Integrating Multi-Omics and Medical Imaging in Artificial Intelligence-Based Cancer Research: An Umbrella Review of Fusion Strategies and Applications
Ahmed Al Marouf, Jon Rokne, Reda Alhajj
Abstract
Background: The combination of multi-omics data, including genomics, transcriptomics, and epigenomics, with medical imaging modalities (PET, CT, MRI, histopathology) has emerged in recent years as a promising direction for the advancement of precision oncology. Many researchers have contributed to this domain, exploring the multi-modality aspect of using both multi-omics and image data for better cancer identification, subtype classifications, cancer prognosis, etc. Methods: We present an umbrella review summarizing the state of the art in fusing imaging modalities with omics and artificial intelligence, focusing on existing reviews and meta-analyses. The analysis highlights early, late, and hybrid fusion strategies and their advantages and disadvantages, mainly in tumor classification, prognosis, and treatment prediction. We searched review articles until 25 May 2025 across multiple databases following PRISMA guidelines, with registration on PROSPERO (CRD420251062147). Results: After identifying 56 articles from different databases (i.e., PubMed, Scopus, Web of Science and Dimensions.ai), 35 articles were screened out based on the inclusion and exclusion criteria, keeping 21 studies for the umbrella review.

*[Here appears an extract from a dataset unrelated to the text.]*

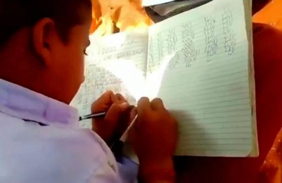這種神奇現(xiàn)象的出現(xiàn)離不開(kāi)校長(zhǎng)堅(jiān)定的信念和對(duì)學(xué)生雙手書(shū)寫(xiě)的訓(xùn)練。學(xué)校創(chuàng)始人、退伍士兵夏爾馬(Sharma)提到,他是受到印度首任總統(tǒng)的啟發(fā),從而開(kāi)始訓(xùn)練學(xué)生們書(shū)寫(xiě)技能的。每節(jié)45分鐘的課程中,他都會(huì)抽出15分鐘給學(xué)生做書(shū)寫(xiě)訓(xùn)練。

Discussion: We investigated prominent fusion techniques in various contexts of cancer types and the role of machine learning in model performance enhancement. We address the problems of model generalizability versus interpretability within the clinical context and argue how these multi-modal issues can facilitate translating research into actual clinical scenarios. Conclusions: Lastly, we recommend future work to define clearer and more reliable validation criteria, address the need for integration of human clinicians with the AI system, and describe the trust issue with AI in cancer care, which requires more standardized approaches.